La cima de la montaña es el lugar preciso para quedarse largas horas sentado sobre una roca y observar la inmensidad de la naturaleza. Es el lugar apropiado para encontrarse con lo básico de la vida, lo ves todo desde arriba y te das cuenta que lo demás es pequeño. Por eso, nos envuelve con su extraordinario paisaje que deslumbra los sentidos al contener un halo espiritual y sagrado que irradia.
Igualmente, contemplar conjuntos de piedras apiladas hasta formar pequeños montículos de pedruscos pequeños y grandes, rocas y lajas, acompañados de símbolos tallados en las rocas, representa una realidad que transmuta en sobrenatural. Perfecto lugar para observar todo lo que ocurre a nuestro alrededor, tanto en la tierra como en el cielo. Lugares sagrados que se identifican para enseñarnos una parte importante de un pensamiento antiguo que aun perdura entre sus restos. Se conocen más de sesenta y se engranan en el terreno en perfecta armonía con el simbolismo de la cosmovisión awara; esto es, replicar la montaña cósmica.
Insistiremos en nuestro objetivo de relacionar las formas arquitectónicas con las formaciones sociales y el manejo del espacio desde aquellos mecanismos simbólicos que permiten convertir una estructura en monumento en el paisaje y perpetuar con ello un discurso de poder encaminado a la definición de territorios. Se observa la realidad conforme a unas referencias fijas. La arquitectura cobra entonces una tridimensionalidad tanto utilitaria como simbólica y se convierte en recurso a la vez espacial y temporal.
Todo está en su sitio para dar forma a un sistema bien planeado que se perpetúa como las verdaderas puertas de los cielos a través de la montaña como referencia topográfica en la Tierra y el Sol como referencia cósmica en el cielo. Forman un encadenamiento de concepciones imágenes cosmológicas (axis mundi) bien articuladas que vinculan la tierra con el cielo.
Esto nos demuestra muchas cosas, entre otras, que la existencia humana sólo es posible gracias a esa comunicación permanente con la altura porque se sitúan en los lugares más elevados y próximos al cielo. A pesar de que la arqueología se ha desatendido de estas construcciones, ahora si que estamos en disposición de comprender e interpretar su existencia hasta enraizarnos en esta tierra, en los corazones y en las miradas intencionadas de aquellos hombres que buscaron en el cielo la respuesta de su existencia.
La comprensión de cómo se comporta el cielo es, para una cultura primigenia, una forma de culto.
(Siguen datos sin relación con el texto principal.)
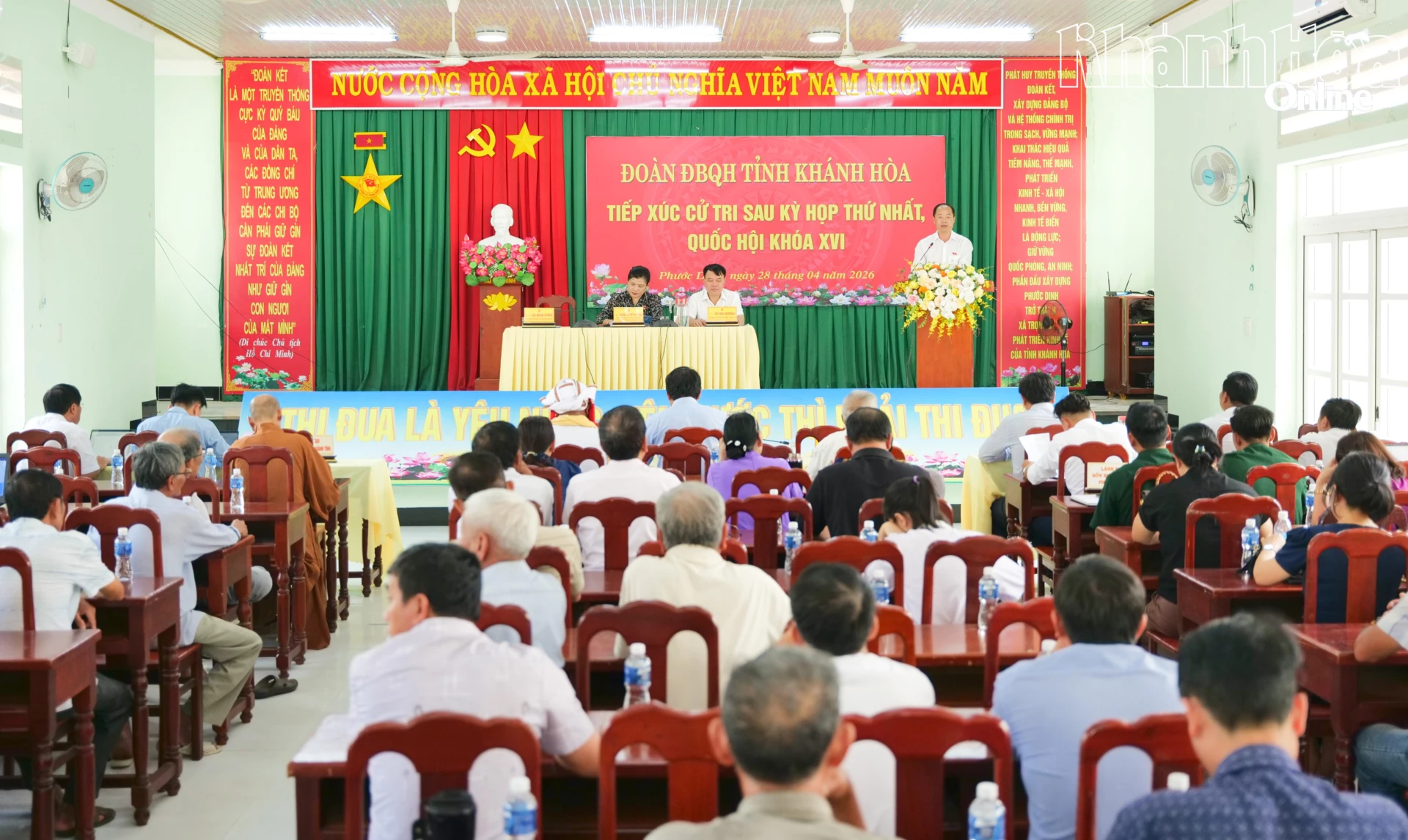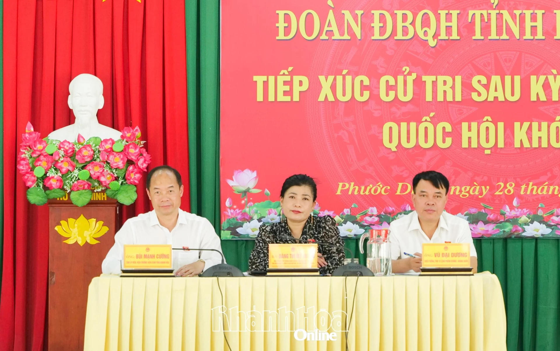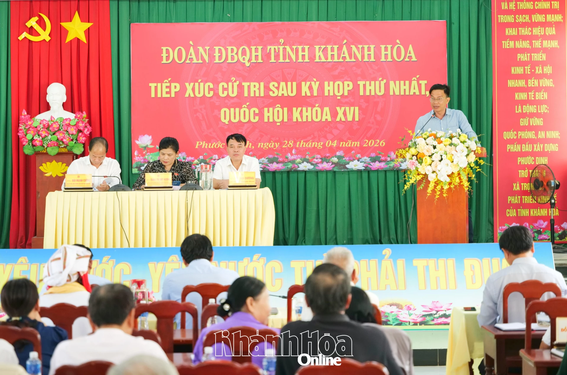 Chiều 28-4, đại biểu Quốc hội tỉnh Khánh Hòa gồm các ông, bà: Đàng Thị Mỹ Hương - Phó Trưởng đoàn chuyên trách Đoàn đại biểu Quốc hội tỉnh; Thiếu tướng Vũ Đại Dương - Phó Tư lệnh Quân chủng Phòng không - Không quân; Bùi Mạnh Cường - Viện trưởng Viện Kiểm sát nhân dân tỉnh tiếp xúc với cử tri xã Phước Dinh.

Una expresión de este culto consistió en poner toda obra humana en concordia con los principios de orden natural espacial y temporal derivados del movimiento de los astros. Para el observador de la naturaleza resulta obvio que la única manera de establecer direcciones definitivas en el paisaje es a través del cielo. Siempre se mantiene una perpetua necesidad primaria que es la de viajar en el espacio para acercarse al cosmos, donde moran sus dioses, y en el tiempo a través de sus antepasados.
Pues bien, no hay mayor naturalidad en la esencia de la religiosidad que adorar el Sol cuyo regalo más precioso para el ser humano es la calidez necesaria para la vida y el reciclaje constante de las estaciones (del tiempo). La vida siempre se renueva. Existen unos momentos claves del año (solsticios y/o equinoccios) que deben ser celebrados. Por encima de todo, se trataba de momentos relevantes y revelantes. El ser humano repite de muchas formas el momento de la creación del mundo a partir de puntos o santuarios establecidos. Celebra la llegada del Año Nuevo como una reactualización de la cosmogonía, implica la reanudación del tiempo en sus comienzos.Si nos situamos en cualquiera de esos amontonamientos de piedras que se distribuyen por la geografía sagrada de las cumbres de la Caldera de Taburiente (espacio) en el mágico instante en que asoma el primer rayo de Sol durante el solsticio de invierno (tiempo), solo entonces comprobaremos la sorprendente relación que se establece entre el amontonamiento de piedras, el pico más elevado del entorno y el Sol. La alineación la marca la propia montaña o el grupo de amontonamientos que van al encuentro del Sol para anunciar la llegada del Nuevo Año.